A brief profile of Lloyd Jenkins
Lloyd Jenkins was born at Ballarat in 1932. He claims to be “Australian Icon Number Three” of that year with the Sydney Harbour Bridge and the ABC taking positions one and two. The landscape where he grew up was hardly changed from the gold mining era, which had ended just 14 years earlier. Abandoned mining sites with their lofty mullock dumps were ready-made play grounds. In the war years at the Ballarat High School a fellow student was Geoffrey Blainey, something that Lloyd admits he brags about at any opportunity.

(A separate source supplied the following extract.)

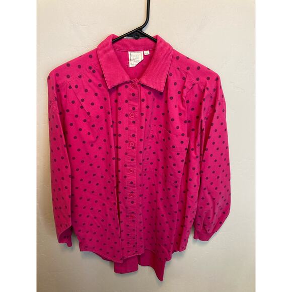 80's Vintage Sweet Baby Jane Long Sleeve Collared Polka Dot Button Up Size Large
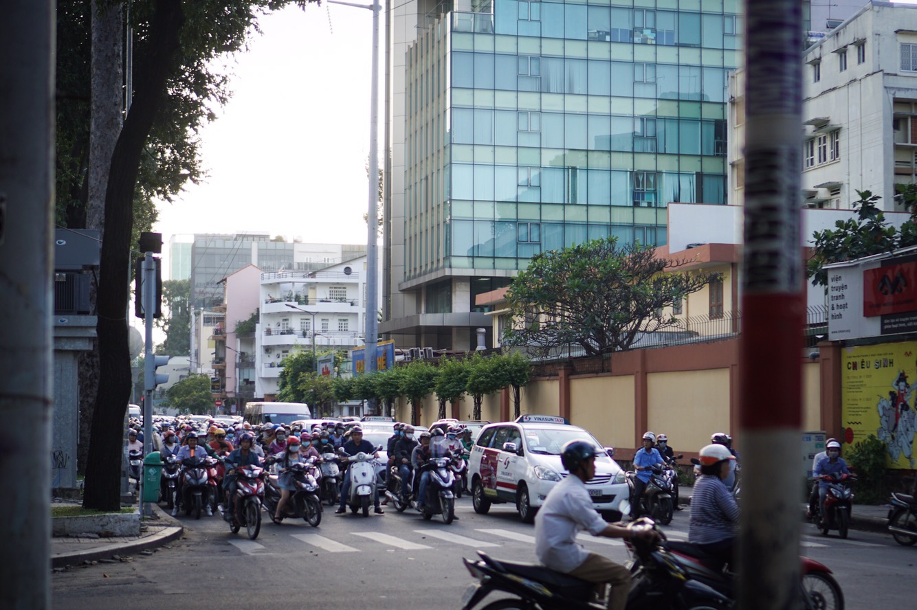 Zurück auf dem Asphalt des ehemaligen Saigons, ziehen wir Straße um Straße um die Häuser. Ich würde so gerne ins Hard Rock Café gehen, da es schon eine Tradition bei mir wurde, diese Lokale in den jeweiligen Städten und Ländern abzuhaken. Wir schlagen eine ungefähre Richtung ein und queren die Straßen, auf denen der Verkehr in Massen fließt.

Music was an early attraction that led to a term as a church organist but more especially in the long term as a chorister. In 1956 he was one of the youngest members of the 1200-voice invited choir that performed under Sir Bernard Heinz at the opening and closing ceremonies of the Olympic Games at the MCG. His gleaming BSA motor bike was the transport on the narrow bitumen strip from Ballarat for the rehearsals and performances.
His early working career was in the real estate industry. This somehow built a recreational interest in local history, housing styles and architecture. Years of writing and lecturing at seminars and schools on such things followed until the recreation became the job at the age of 50. Commissioned histories of a series of Municipalities and sporting clubs, newspaper feature articles, and even more lecturing kept his nose to the grindstone. He was an early exponent in the now well-established field of oral history. Two books on cricket, England teams versus Victorian country sides, were invited onto the library shelves at Lords Cricket Ground in London. He attended the hand over. It was a rather nervous few minutes with the bearded Dr W G Grace looking down from his pedestal.
For a good many years, he served as a member of the Board of Management at Sovereign Hill and is a life member there. In 1988 Lloyd and Dorothy moved to Melbourne when Dorothy took up senior postings in TAFE administration. Lloyd became a long-term member of the choir that performs with the Melbourne Symphony Orchestra. A “lucky fluke” gave him a place in the Australian Opera Chorus for a season. The superannuation fund for that body records his nest egg balance as nil, “after fees are extracted.”
Football, cricket, baseball, golf, all took their turn along the way from schooldays until a wonky back caused his retirement from the Spring Valley Club on the Melbourne sand belt. He represented Ballarat at cricket and baseball. His big moment was hitting a six at the South Melbourne ground in 1955 but the veteran partner at the other end chastised him for impetuosity at a vital stage of the innings: “If you must play that shot, it it arder. Ya nilly got caught.” In 1948 he saw Don Bradman score a century on the MCG. That’s another bragging point and when the young fellows ask, “How good was Bradman?” his standard reply is “If I tell you, you won’t believe me.” Freemasonry has been an interest for more than 60 years. Lloyd lives at Oakleigh but was conned into membership at far-away Beaumaris Probus in 1995. For that he is very grateful.